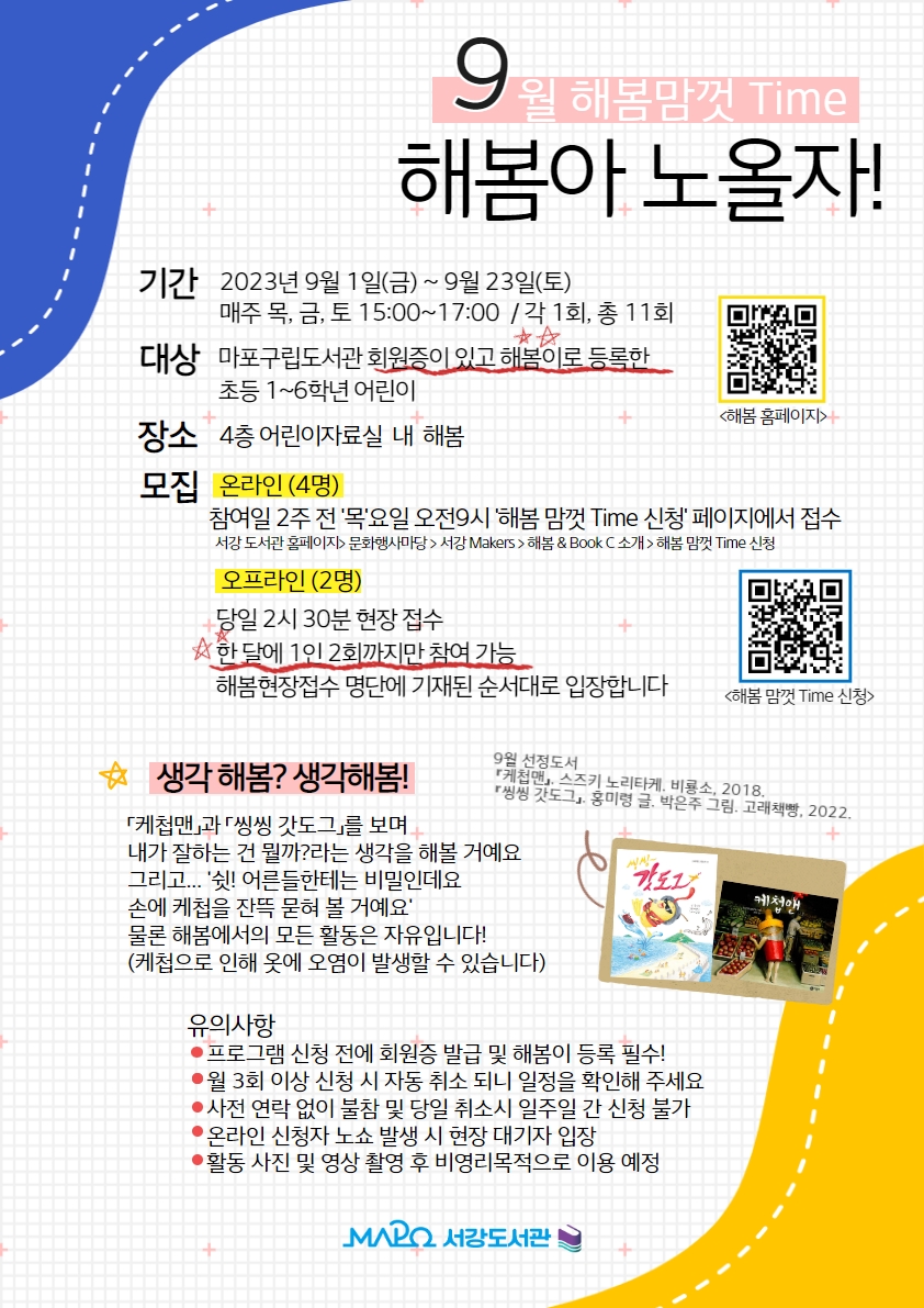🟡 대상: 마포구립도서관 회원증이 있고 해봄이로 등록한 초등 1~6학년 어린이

********************

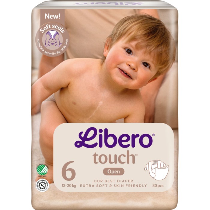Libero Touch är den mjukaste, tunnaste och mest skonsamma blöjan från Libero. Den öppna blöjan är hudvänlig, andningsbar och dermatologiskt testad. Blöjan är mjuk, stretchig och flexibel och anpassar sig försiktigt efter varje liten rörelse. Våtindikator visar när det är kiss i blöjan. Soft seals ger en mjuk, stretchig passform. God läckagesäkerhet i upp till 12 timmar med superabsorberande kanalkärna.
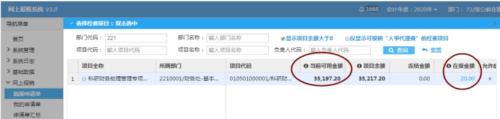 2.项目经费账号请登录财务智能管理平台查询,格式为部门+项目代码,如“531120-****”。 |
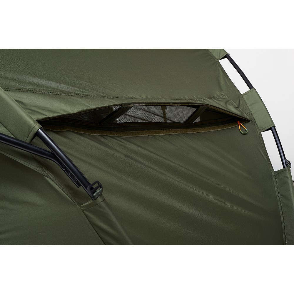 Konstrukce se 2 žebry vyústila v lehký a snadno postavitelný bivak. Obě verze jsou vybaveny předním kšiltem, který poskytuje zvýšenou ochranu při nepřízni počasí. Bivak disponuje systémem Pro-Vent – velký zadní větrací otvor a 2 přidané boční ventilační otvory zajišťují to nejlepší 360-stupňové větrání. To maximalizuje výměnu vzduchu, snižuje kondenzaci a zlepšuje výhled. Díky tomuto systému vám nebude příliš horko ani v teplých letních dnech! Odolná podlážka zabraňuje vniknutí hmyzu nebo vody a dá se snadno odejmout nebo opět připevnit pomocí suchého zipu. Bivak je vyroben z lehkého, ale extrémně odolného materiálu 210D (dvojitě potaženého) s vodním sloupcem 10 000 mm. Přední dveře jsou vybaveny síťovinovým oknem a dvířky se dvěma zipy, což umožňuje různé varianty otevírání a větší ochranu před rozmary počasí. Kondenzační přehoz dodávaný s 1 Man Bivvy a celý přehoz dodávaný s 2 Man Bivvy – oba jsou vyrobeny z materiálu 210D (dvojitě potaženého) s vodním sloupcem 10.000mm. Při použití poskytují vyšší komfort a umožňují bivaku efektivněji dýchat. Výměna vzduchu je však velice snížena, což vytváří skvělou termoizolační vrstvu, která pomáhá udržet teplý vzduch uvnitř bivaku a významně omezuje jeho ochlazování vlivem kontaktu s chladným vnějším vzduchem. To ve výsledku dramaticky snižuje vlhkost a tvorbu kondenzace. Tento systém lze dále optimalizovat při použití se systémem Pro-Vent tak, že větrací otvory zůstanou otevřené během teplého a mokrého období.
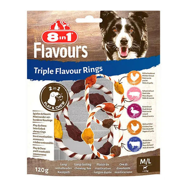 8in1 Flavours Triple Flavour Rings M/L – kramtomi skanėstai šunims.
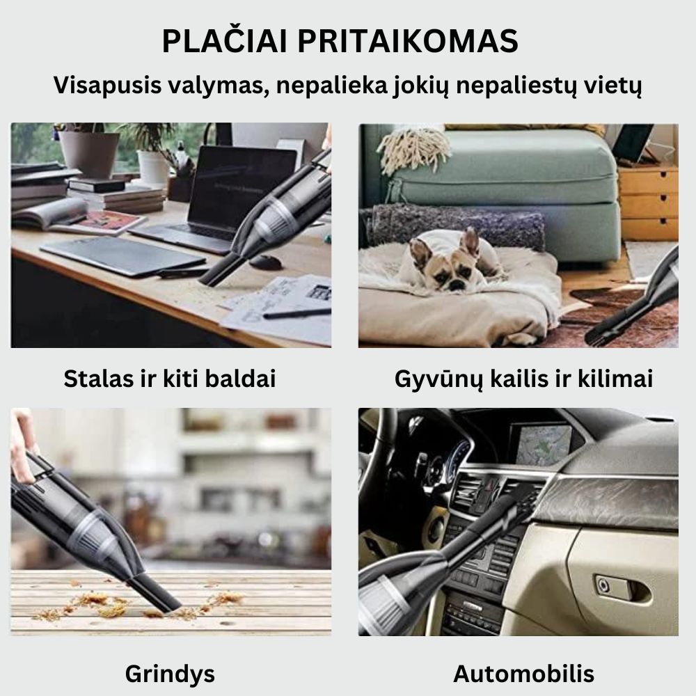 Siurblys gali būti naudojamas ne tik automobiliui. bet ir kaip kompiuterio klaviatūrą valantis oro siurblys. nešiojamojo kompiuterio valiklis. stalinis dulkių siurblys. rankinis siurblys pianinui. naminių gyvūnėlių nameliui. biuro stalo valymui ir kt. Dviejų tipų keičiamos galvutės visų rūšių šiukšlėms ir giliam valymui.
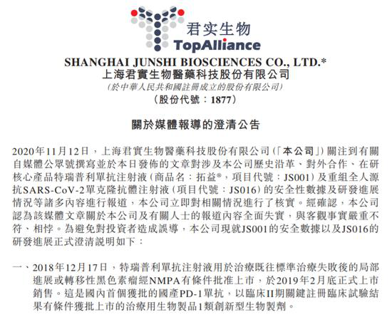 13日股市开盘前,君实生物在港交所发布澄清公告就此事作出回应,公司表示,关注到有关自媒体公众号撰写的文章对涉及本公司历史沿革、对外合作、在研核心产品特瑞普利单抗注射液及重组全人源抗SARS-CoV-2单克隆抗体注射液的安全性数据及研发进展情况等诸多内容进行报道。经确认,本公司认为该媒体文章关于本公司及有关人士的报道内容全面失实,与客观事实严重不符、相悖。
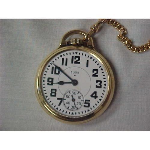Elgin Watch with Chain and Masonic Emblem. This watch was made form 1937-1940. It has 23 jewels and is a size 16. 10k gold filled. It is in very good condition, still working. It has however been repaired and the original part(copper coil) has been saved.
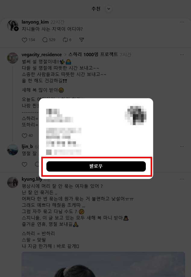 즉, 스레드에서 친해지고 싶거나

********************

WORK ITEM:
Leaving pictures out, output the lines of the data above from the one with "8in1 Flavours Triple" through the one with "즉, 스레드에서 친해지고 싶거나", word for word.

OUTPUT BELOW:
 8in1 Flavours Triple Flavour Rings M/L – kramtomi skanėstai šunims.
 Siurblys gali būti naudojamas ne tik automobiliui. bet ir kaip kompiuterio klaviatūrą valantis oro siurblys. nešiojamojo kompiuterio valiklis. stalinis dulkių siurblys. rankinis siurblys pianinui. naminių gyvūnėlių nameliui. biuro stalo valymui ir kt. Dviejų tipų keičiamos galvutės visų rūšių šiukšlėms ir giliam valymui.
 13日股市开盘前,君实生物在港交所发布澄清公告就此事作出回应,公司表示,关注到有关自媒体公众号撰写的文章对涉及本公司历史沿革、对外合作、在研核心产品特瑞普利单抗注射液及重组全人源抗SARS-CoV-2单克隆抗体注射液的安全性数据及研发进展情况等诸多内容进行报道。经确认,本公司认为该媒体文章关于本公司及有关人士的报道内容全面失实,与客观事实严重不符、相悖。
Elgin Watch with Chain and Masonic Emblem. This watch was made form 1937-1940. It has 23 jewels and is a size 16. 10k gold filled. It is in very good condition, still working. It has however been repaired and the original part(copper coil) has been saved.
 즉, 스레드에서 친해지고 싶거나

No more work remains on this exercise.